= Legal Services Authorities Act, 1987 =

Act of the Parliament of India

The Legal Services Authorities Act, 1987 is an Act of the Indian Parliament to enforce the provisions of Article 39 A of the Constitution guaranteeing the fundamental rights to all the citizens of the country. Article 39 A of the constitution relates to promoting justice on the basis of equal opportunity by providing free legal aid to the sections of society like poor and economically weaker sections who cannot otherwise afford it. Among other things the act deals with pay and qualifications of staff. The Act resulted in creation of The National Legal Services Authority (NALSA) across country.

The act was enacted with effect from 9 November 1987. To commemorate the occasion, 9 November every year is celebrated National Legal Services Day in India.

==History==

Legal Services Authorities Act 1987 was enacted by Parliament of India to provide legal support for free to the poor and ensuring that it promotes justice based on equal opportunity, thus getting in effect Article 39-A of constitution. To promote justice through free legal aid to the poorer, backward and weaker citizens of the country and help promoting justice in society, Constitution of India created Article 39-A. The Act became enforceable from 9 November 1995, facilitating establishment of countrywide network and provision for free and efficient legal services to the poor and weaker members. The National Legal Services Authority (NALSA) courts were created across country working as per the provisions of this Act.

Legal Services Authorities Act 1987 states that every judgement of Lok Adalats Every award made by a Lok Adalat shall be final and binding on all the parties to the dispute, and no appeal shall lie to any court against the award".

==Persons Entitled for Legal Aid==

As per section 12 of Legal Services Authorities Act 1987, free legal aid is available to following categories of citizens:

-"A person from Scheduled Caste or Scheduled Tribe.

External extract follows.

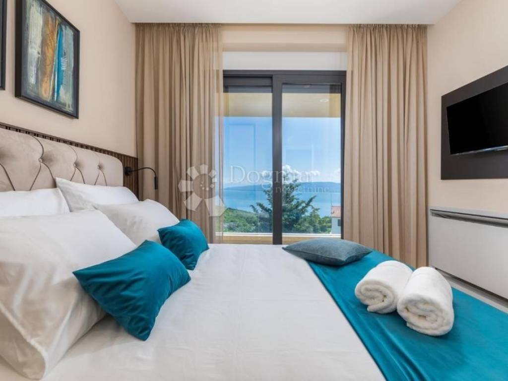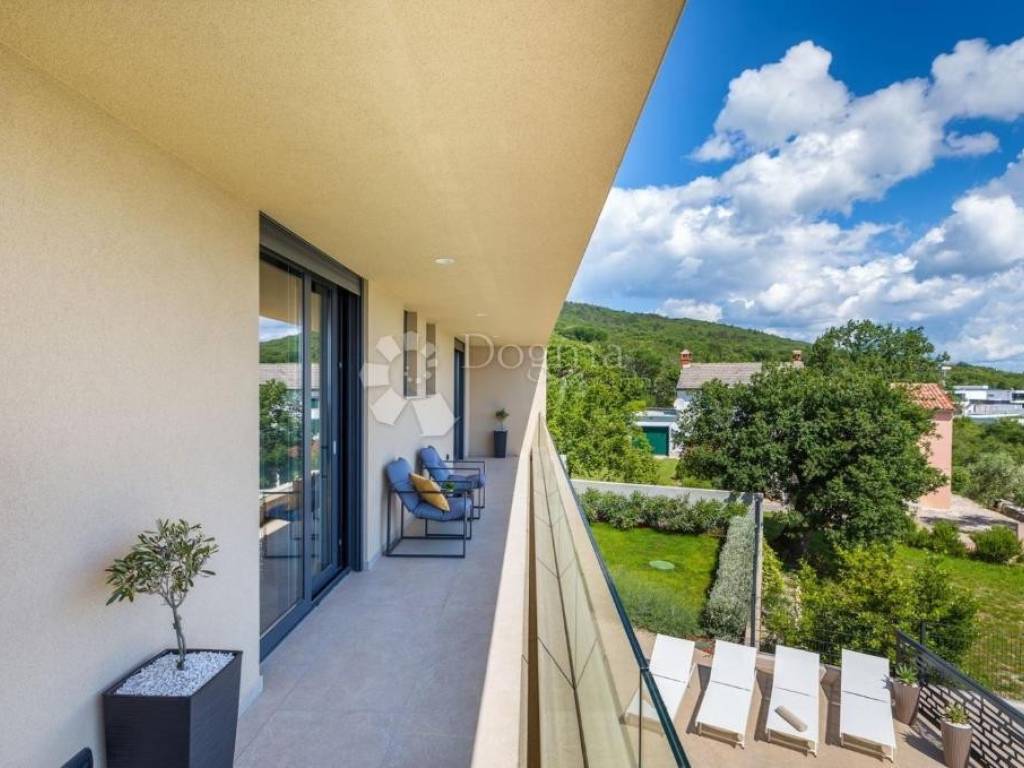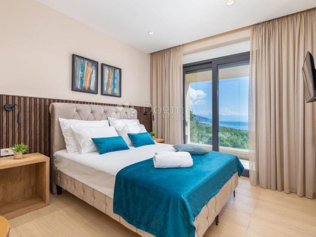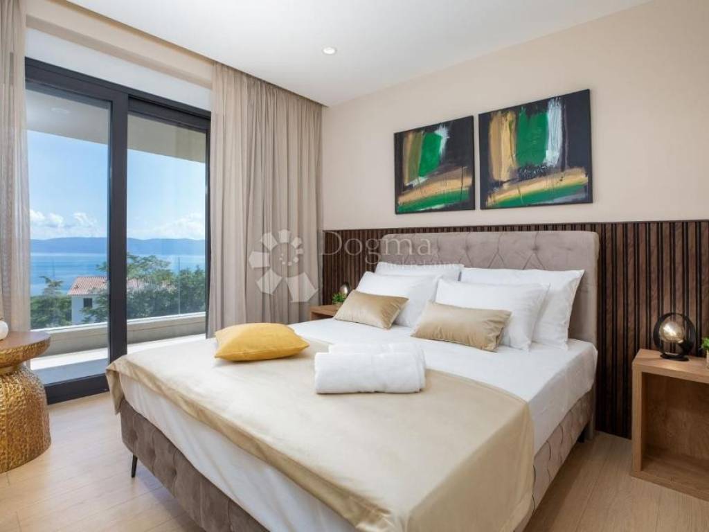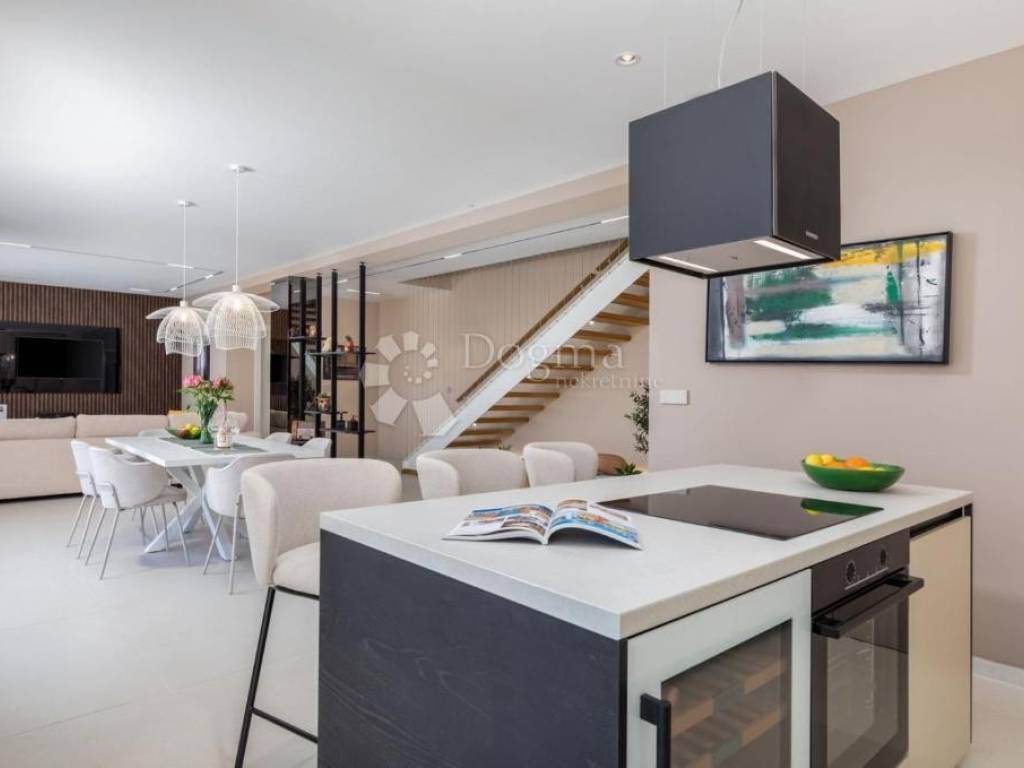 It is located in an ideal position with a timeless view of the sea, Kvarner, the islands of Cres, Lošinj and Rijeka. This stunning panoramic view dominates the space and is perfectly integrated into the design of the house. A glass rock runs along the facade, providing an incredible sense of connection with the environment, and extends through both floors, creating a spectacular frame for the natural beauty that surrounds it.

-A person under category of beggar as per Article 23 of the Constitution or a victim of human trafficking.

-Child or a woman.

-Woman who is victim of rape.

-Person with any disability or mentally ill.

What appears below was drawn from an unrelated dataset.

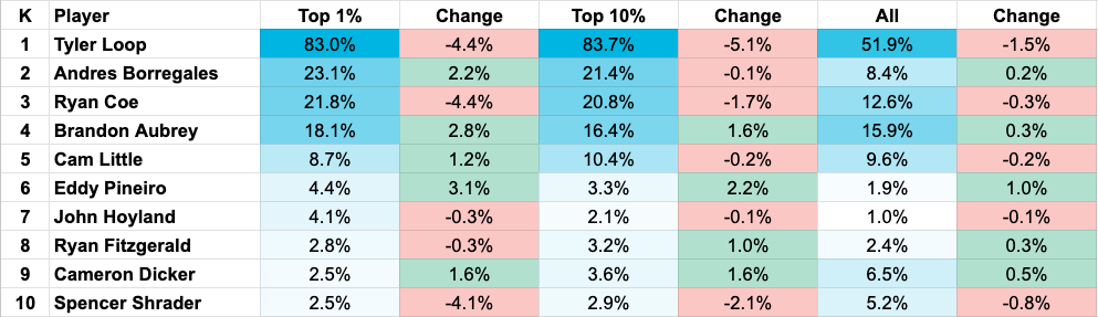 The tables below set out the proportion of Supercoach teams in the top 1%, top 10% and overall that own each player.
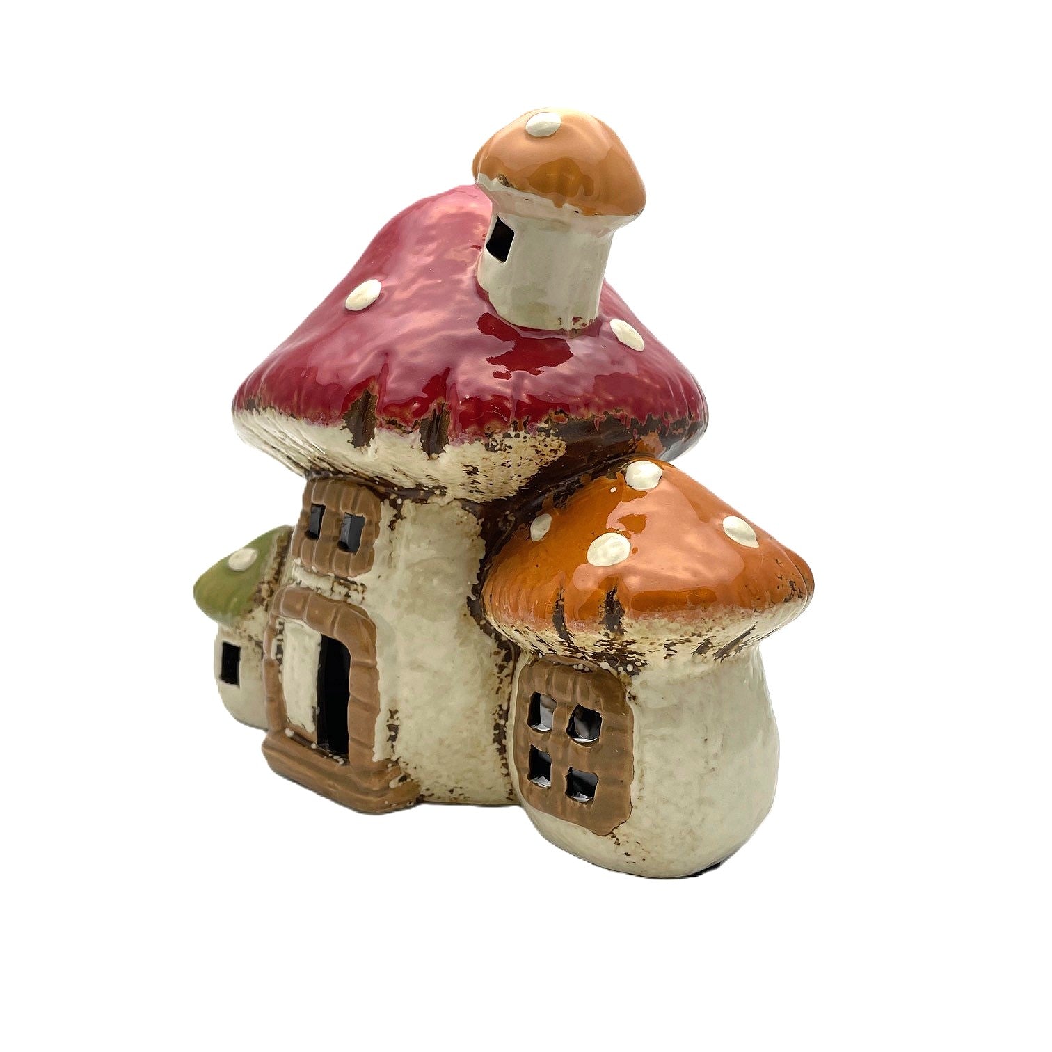 - This triple toadstool shaped tea light holder is crafted from pottery and glazed

-Individual being mass disaster victim, ethnic violence, atrocities due to caste, victims of flood, earthquake or industrial disaster or drought victims.

- Workman from industry.

-In custody, including custody in a protective home within the meaning of clause(g) of Section 2 of the Immoral Traffic (Prevention) Act, 1956(104 of 1956); or in a juvenile home within the meaning of clause(j) of Section 2 of the Juvenile Justice Act, 1986 (53 of 1986); or in a psychiatric hospital or psychiatric nursing home within the meaning of clause (g) of Section 2 of the Mental Health Act, 1987(14 of 1987);or

-In receipt of annual income less than rupees nine thousand or such other higher amount as may be prescribed by the state government, if the case is before a court other than the Supreme Court, and less than rupees twelve thousand or such other higher amount as may be prescribed by the central government, if the case is before the Supreme Court."

==Legal Service Types==

Legal Services Authorities Act 1987 as per official website of NALSA, provides that the types of legal services which are available for free includes legal support in matters relating to civil and criminal offences for members from poor and marginalised sections who are unable to afford services of a lawyer for any legal proceeding or representation of any case before any court, tribunal or any legal authority.

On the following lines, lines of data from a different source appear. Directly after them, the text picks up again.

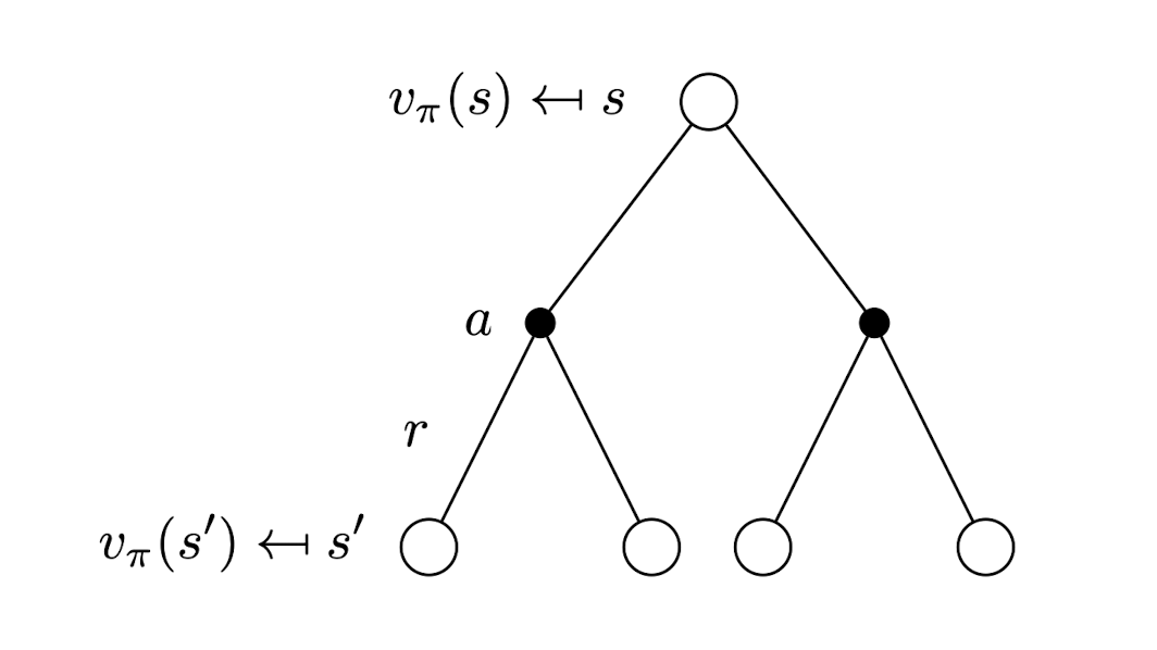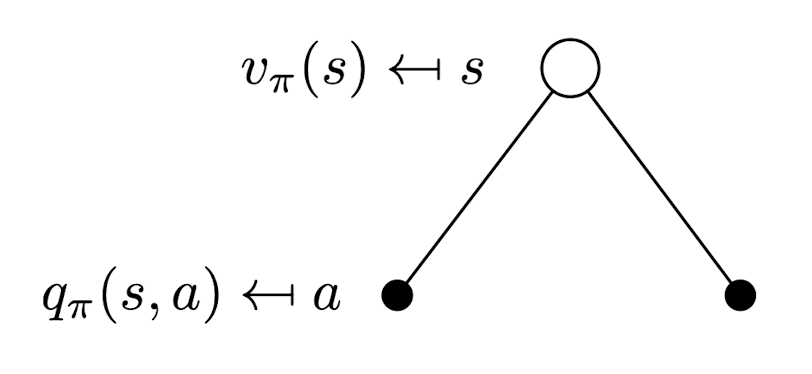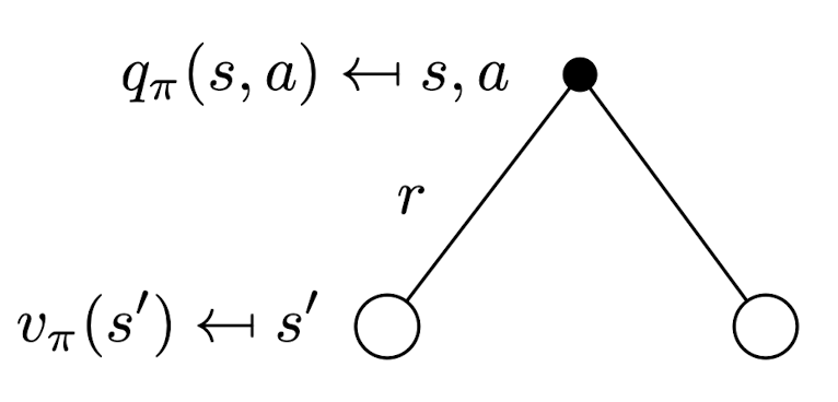 \[\begin{align*} v_\pi (s) &= \mathbb{E}[G_t | S_t = s] \\ &= \mathbb{E}[R_{t+1} + \gamma v_\pi(S_{t+1}) | S_t = s] \end{align*}\] \[\begin{align*} q_\pi(s, a) &= \mathbb{E}[G_t | S_t = s, A_t = a] \\ &= \mathbb{E}[R_{t+1} + \gamma q_\pi(S_{t+1}, A_{t+1}) | S_t = s, A_t = a] \end{align*}\]
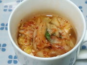朝食は、マグカップでキムチ豆腐雑炊でした。
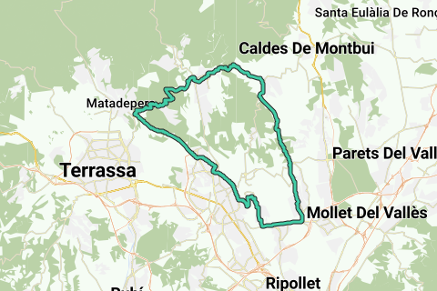 Salir de Sabadell con dirección Castellar por la Avd. Matadepera. Después en Castellar dirección Sentmenat. Desde aquí a Polinya y de vuelta a Sabadell.
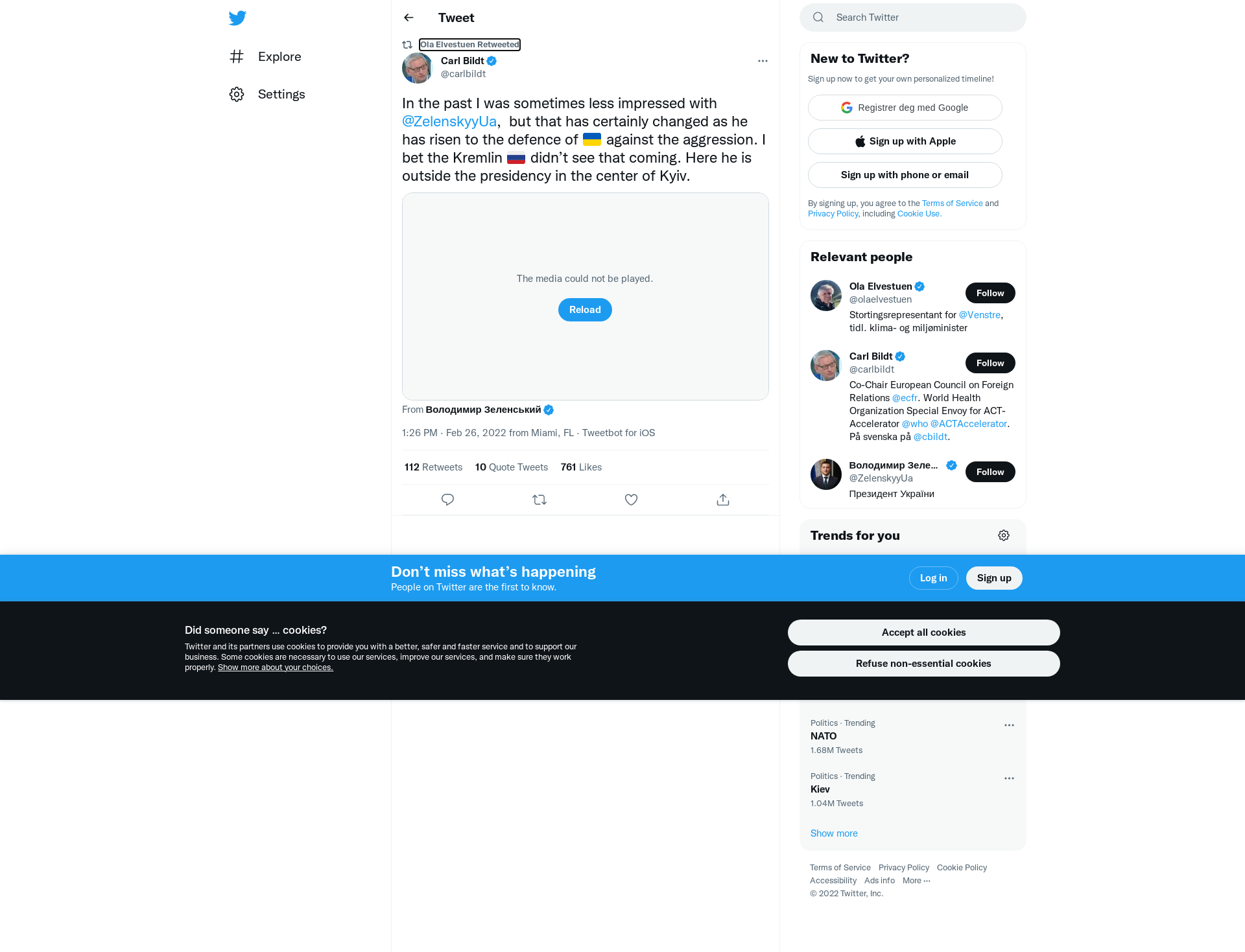 RT @carlbildt: In the past I was sometimes less impressed with @ZelenskyyUa,  but that has certainly changed as he has risen to the defence of 🇺🇦 against the aggression. I bet the Kremlin 🇷🇺 didn’t see that coming. Here he is outside the presidency in the center of Kyiv. https://t.co/buU3OwKi0U

Following types of services are covered in legal aid:

-Legal proceedings represented by advocate.

-Document preparation of any pleadings, appeal memo, or paper book which includes for translation and printing of documents towards legal proceeding;

- Expenses incurred for drafting special leave petitions or other legal documents.

- Any service given and amount charged relating to any legal case conducted or proceedings before any court or other Authority or tribunal which are of legal nature and;

- Advises of legal nature.

- In addition to above, payment of fees towards any aid or advice given to the beneficiaries for claiming benefits for the schemes and statues framed by any state government or central government, it can be included under free legal services.